The results revealed that Gen Z is more likely to invest money they had saved on their pet than to use it for a vacation, only 15% of the Gen Z respondents would rather purchase a concert ticket, while 30% would rather go on vacation, and 42% reported preferring to save money for unexpected pet expenses.
The findings also revealed that Gen Xers pretty much share the same sentiment with 30% of those respondents reporting that they would rather save their money to use on their pet, 20% would rather go on vacation, and 27% would rather purchase a concert ticket.
To add to this 41% of the Gen Z respondents report being more likely to spend $100 on their pet than on their partner, and 36% admit to getting more joy from seeing their pet behaving happily than seeing their partner happy (21%), this was higher than any other generation.

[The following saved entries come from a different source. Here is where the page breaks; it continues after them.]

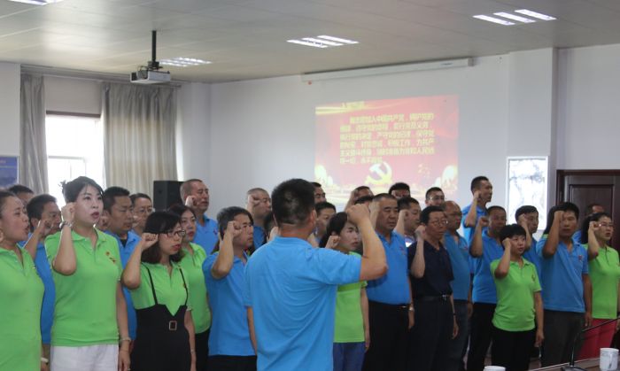 大會在莊嚴的《國歌》聲中拉開帷幕,面對鮮紅的黨旗,由分公司組織委員王艷雄領誓,全體黨員舉起右拳面向黨旗宣誓我志愿加入中國共產(chǎn)黨,擁護黨的綱領,遵守黨的章程,重溫入黨誓詞使全體黨員再一次受到了心靈的洗禮、思想的震撼。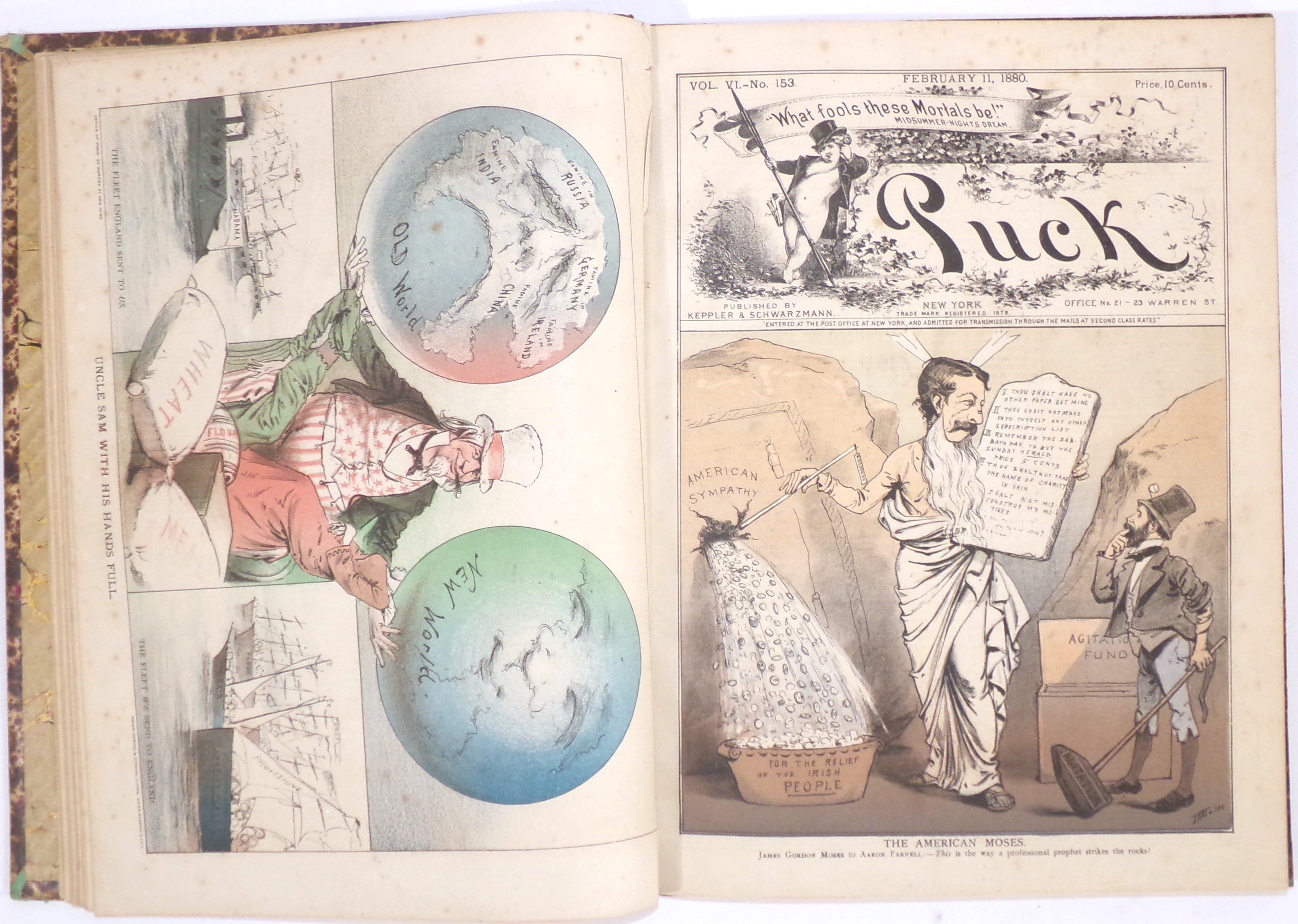 Joint: 1 vol. rel. ½ chagrin grand in-4 « Puck », hebdomadaire satirique américain, n°151 vol.6 (28 janvier 1880) au n°165 vol.7 (5 mai 1880).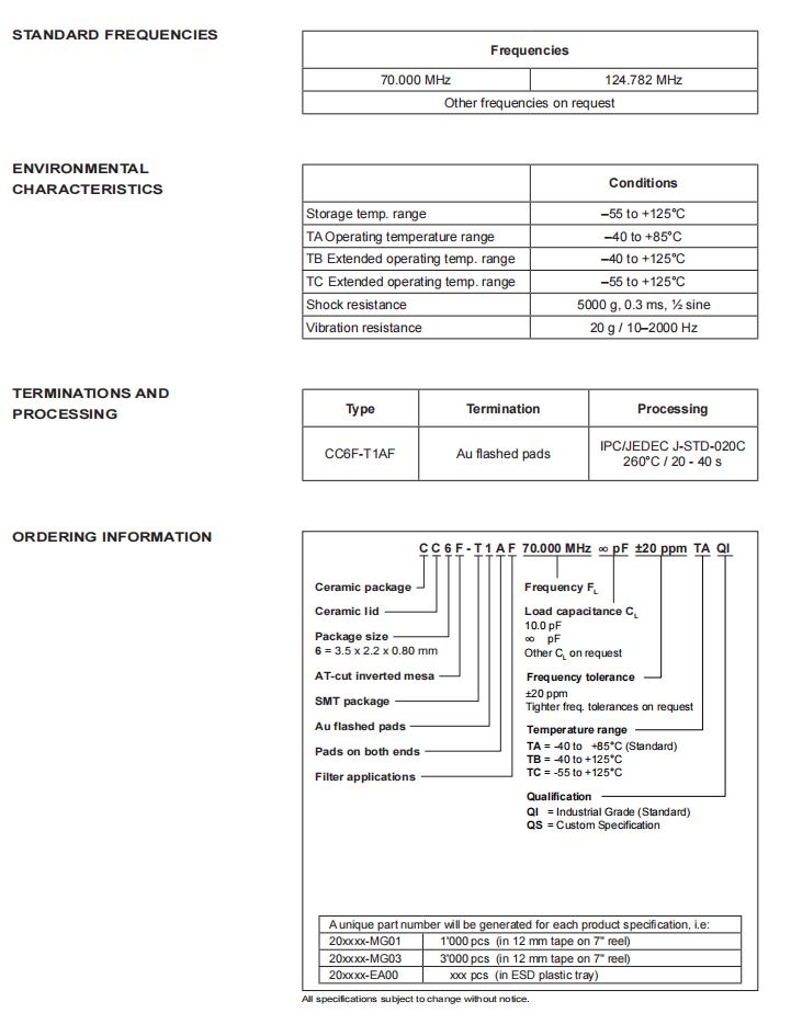 CC6F-T1AF-80.000MHz-10.0pF-20ppm-TA-QI,6G路由器晶振,高穩定性晶振規格表

54% of the Baby Boomer respondents report spending less than $150 a month on basic pet expenses with a year's average of around $3200. Respondents report planning for routine monthly expenses like food, training, and vet appointments, but they also regularly purchase items that are non-necessity such as toys, clothing, and even some tech for their pets.
Respondents report that they have spent money on at least one unnecessary item in the past year for their pet, such as a machine that throws the ball for their dog, or a super nice plush bed pillow embellished with fake diamonds, and a very large cat scratching post activity structure. One respondent even reported purchasing their dog a week-long spa trip.
45% of all respondents reported that they would give up dining out for an entire year if it meant receiving free pet expenses for the same amount of time, 42% would also give up social media and 36% would give up streaming services for the same benefit.
If it meant that their pets could live an extra year 48% of all respondents would give up dating or romance for a year, 38% would work for their worst boss again, and 36% would give up their paycheck. 49% of Millennials reported that they would brave the elements and sleep outside in the snow to give their pets an extra year of life.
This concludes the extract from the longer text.